Boring night…
Yesterday I posted my first blog in a long, long while. I stopped blogging because it didn’t seem to be worth it. It was an inconvenience, and I question whether someone other than myself will end up reading the posts. Until recently, I didn’t really a way to keep up with my friends’ blogs, and I’m pretty damn sure that noone I know in person would do something similar. So, I don’t blame anyone for not keeping up with the blogs of others. However, thanks to a plugin for GNOME, my desktop environment, it’s now so easy to blog that I see no reason not to — if that makes any sense. Alot of cool things are going on in my life. Nothing major, but cool, none the less.
John Mark, Victor, and I are going to get a house together, or so we intend. The encouraging thing is that our parents have all given their approval, and that would be just about the only thing that would stand in our way. I’m very excited about this. As must as I love my family, I can’t wait to get the fuck out of here.
I should be starting school at UAB in the summer. Now… if you know any UAB students, then you’ve heard how much UAB sucks (in the respect that it’s no fun) and that you should stay away. This is one reason why UAB was my pick. My intention is to spend a year at UAB getting my core classes out of the way and then transferring to Georgia Tech. UAB poses little risk of distracting me from my academic goals, and at the same time has pretty high quality academic offerings. In any case, I’m excited about starting school.
A company that I’ve done work for in the past has contacted me with an offer to do some freelance work for now and then something more long-term when I’m available. It’ll be fun tackling some of their challenges, and it’s always nice to know that you’re help is wanted. So, this is exciting too.
I’m also scheduled to spend the tail-end of my spring break with a friend of mine from Pasadena, CA. That’s just gonna be fucking awesome. I rented a hotel in Old Towne Pasadena, which, as I understand, is in the middle of a lot of entertainment. It’s close to Stram’s house, and it’s within walking distance of everything. So, I won’t even need a car.
I’ve made some progress with my website, which leads to other thoughts. Every time I reflect back on the things I’ve done lately, I always return to the same set of questions but never any conclusions. The only thing that stays the same about my personal projects is that they are almost always incomplete. When I reflect on this, it makes me worry a little. I don’t recall it ever being a stressful worry or a depressed worry. I worry about my future.

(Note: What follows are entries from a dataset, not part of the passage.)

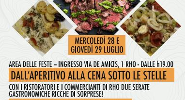 Si torna a far festa in via de Amicis. Nell’area polifunzionale ci si prepara infatti a una serie di eventi estivi, a cominciare da mercoledì 28 e giovedì 29 luglio con due serate dedicate al buon cibo e allo stare insieme. L’iniziativa “Dall’aperitivo alla cena sotto le stelle”, patrocinata da Comune di Rho e Confcommercio Rho, è supportata da diversi commercianti, che stanno preparando un evento ricco di sorprese.
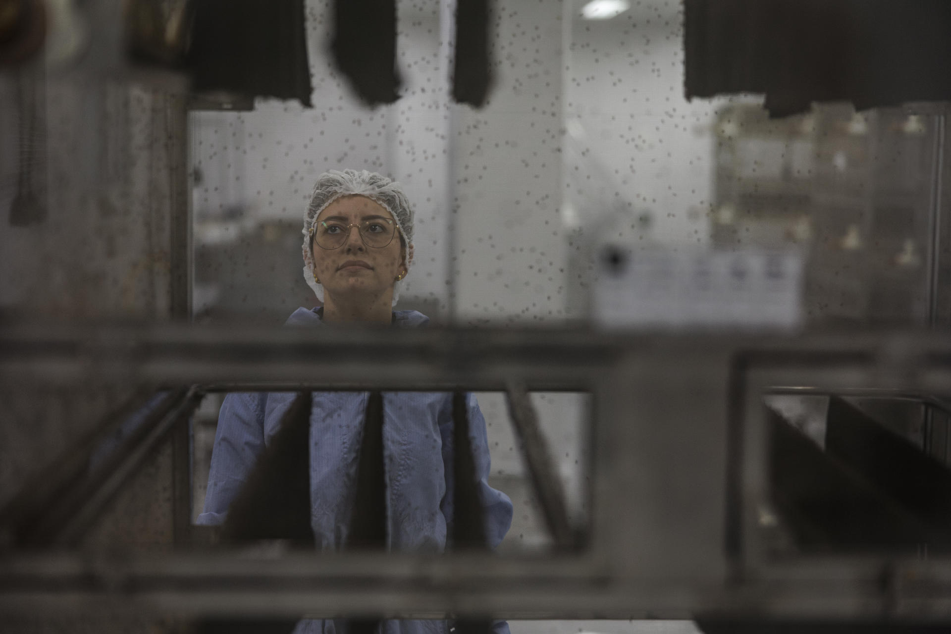 Para acceder a la planta de 1.300 metros cuadrados, los visitantes se tienen que poner bata y cubrirse el cabello con gorro de ducha. No es para protegerlos de los mosquitos, sino para proteger a los mosquitos de los visitantes y de los hongos que puedan cargar.
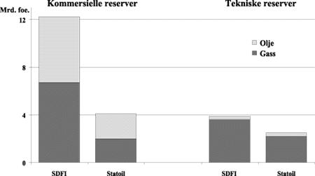 Statens portefølje av petroleumsressurser eiet direkte eller gjennom Statoil omfatter olje og gassreserver, leteområder og infrastruktur. Pareto anslår at disse ressursene omfatter mer enn 16 mrd. foe kommersielle reserver, med ca. 25% eiet gjennom Statoil og ca. 75% eiet direkte gjennom SDØE. Porteføljen omfatter videre ca. 6 mrd. foe tekniske reserver, hvorav omtrent 40% eies gjennom Statoil og 60% eies direkte gjennom SDØE. Se figur 7.1.
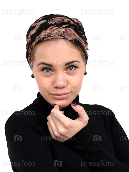 Портрет молодой женщины на белом фоне, смотрит на вас
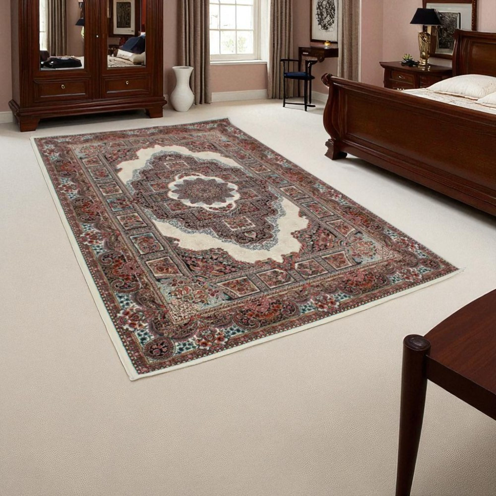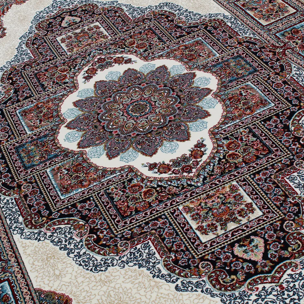 Ce tapis de 140x200 cm est fabriqué en Iran avec un matériau acrylique premium, garantissant une longue durée de vie et un entretien facile. Avec près d'un million de nœuds par mètre carré, il offre une densité remarquable. Sa texture et son apparence rappellent celles de la laine, créant une atmosphère élégante dans n'importe quelle pièce. Les couleurs riches et harmonieuses du tapis persan intensifient le confort de votre salon ou chambre à coucher. Il est également idéal pour les pièces avec chauffage au sol grâce à ses propriétés isolantes. Robuste, il conserve sa beauté à long terme, offrant une alternative économique aux tapis faits main. Sécuritaire pour tous les membres de la famille grâce à ses matériaux hypoallergéniques, ce tapis est parfait pour toute pièce, que ce soit un salon, une chambre ou un bureau élégant.
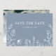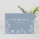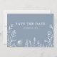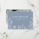 Enkelt minimalistiskt Wildblomma Dusty Blue Bröllo Spara Datumet
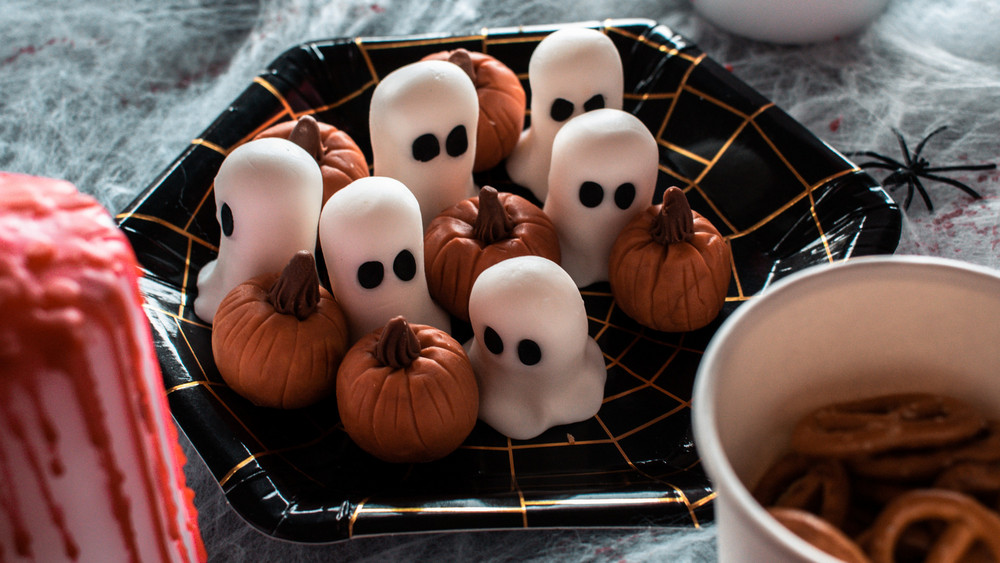 Mindestens genauso süß sind kleine Geister aus Marshmallows und Fondant. Dazu einfach die Fondant-Masse ausrollen und mit einer Tasse oder einem Glas Kreise ausstechen. Den Kreis legt ihr dann über die Marshmallows und drapiert es so, dass es wie ein Geist aussieht. Wer möchte kann mit schwarzer Zuckerschrift oder Schokoglasur ein Gesicht aufmalen.
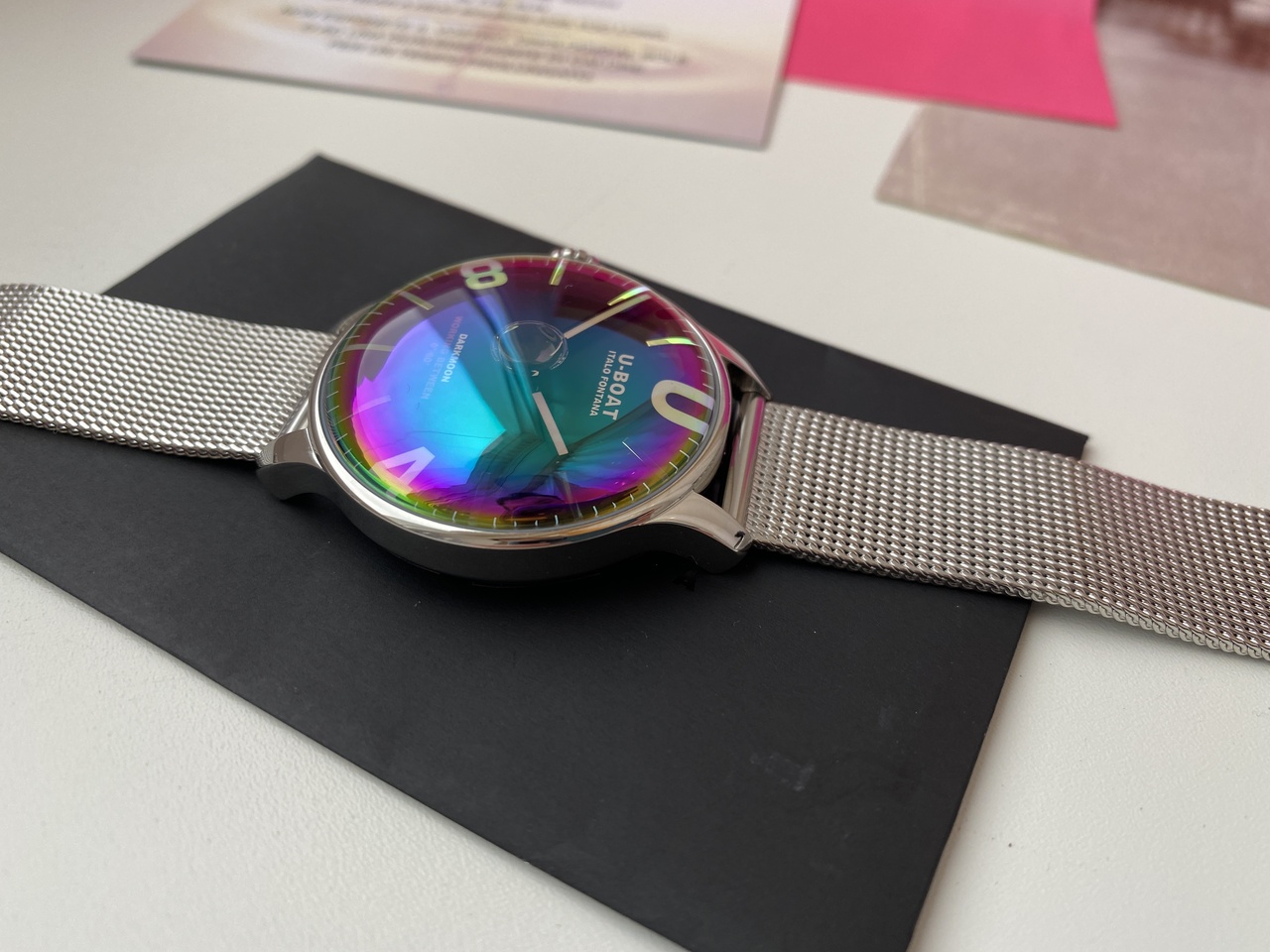 Для тех, кто готов к чему-то нестандартному - необычное купольное стекло в сочетании с "бензиновыми" переливами и меш-браслет миланского плетения выделяет часы из общей массы.
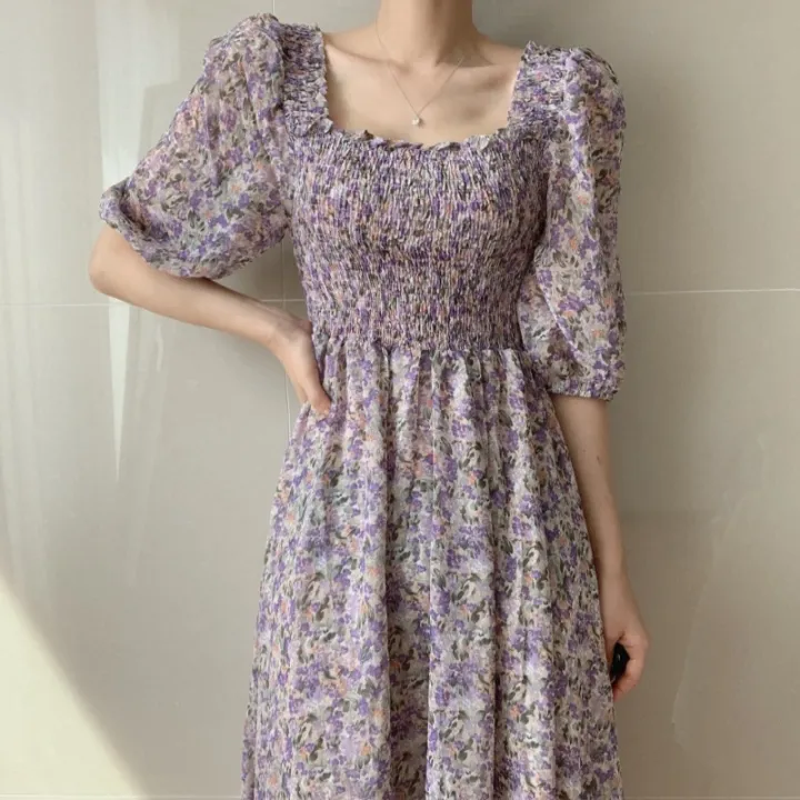【FEELLAB】2024 New Summer Super Mori French Style Retro Square Collar Puff Sleeve Chiffon Floral Dress
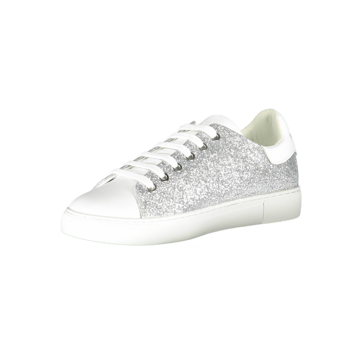 Calçado desportivo com atacadores, detalhes contrastantes, estampa, logótipo.
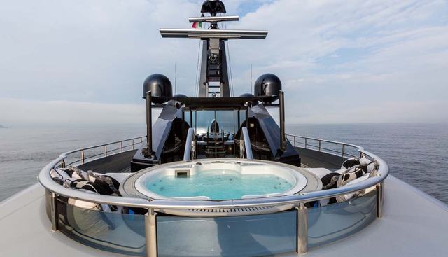 The amenity specification reads as that of a significantly larger vessel: an onboard swimming pool, deck jacuzzi, elevator, helipad, beauty room, gym, satellite communications, and both at-anchor and underway stabilisers. The swimming pool, in particular, distinguishes OKTO from the majority of yachts in the 60-70 metre segment. The Alberto Pinto interior contributes considered spatial design and material quality throughout the guest areas.

There are so many things in my life that never get finished, and I wonder if I’m going to be able to survive the way I am.
Sometimes I wonder why I am the way I am. I never considered my problem, that is, my short attention span, to be anything major. It seems so trivial. “I have a short attention span, so what? It’s nothing major, right? I mean… the primary symptom is that I get bored faster. So what? Maybe it’s a good thing.” But… reality argues otherwise, and the older I get, the more I appreciate the implications of my little condition. Nothing is finished. There are a million things that should be done but aren’t. I’ve tried setting goals. I’ve tried making schedules. I’ve tried creating TODO lists. I’ve tried adhering to a colander. I’ve tried taking Adderall, I’ve even seen a psychologist about my ADD to see if anything could be done about it. It appears that I will always be this way, and that there’s nothing that can change that. Only time will what will happen to me.
Okay. Enough of that.
On another note, I upgraded to Gimp 2.0, and I’m pretty impressed. I’d really like to see a compatibility mode for Photoshop users. That would be pretty awesome.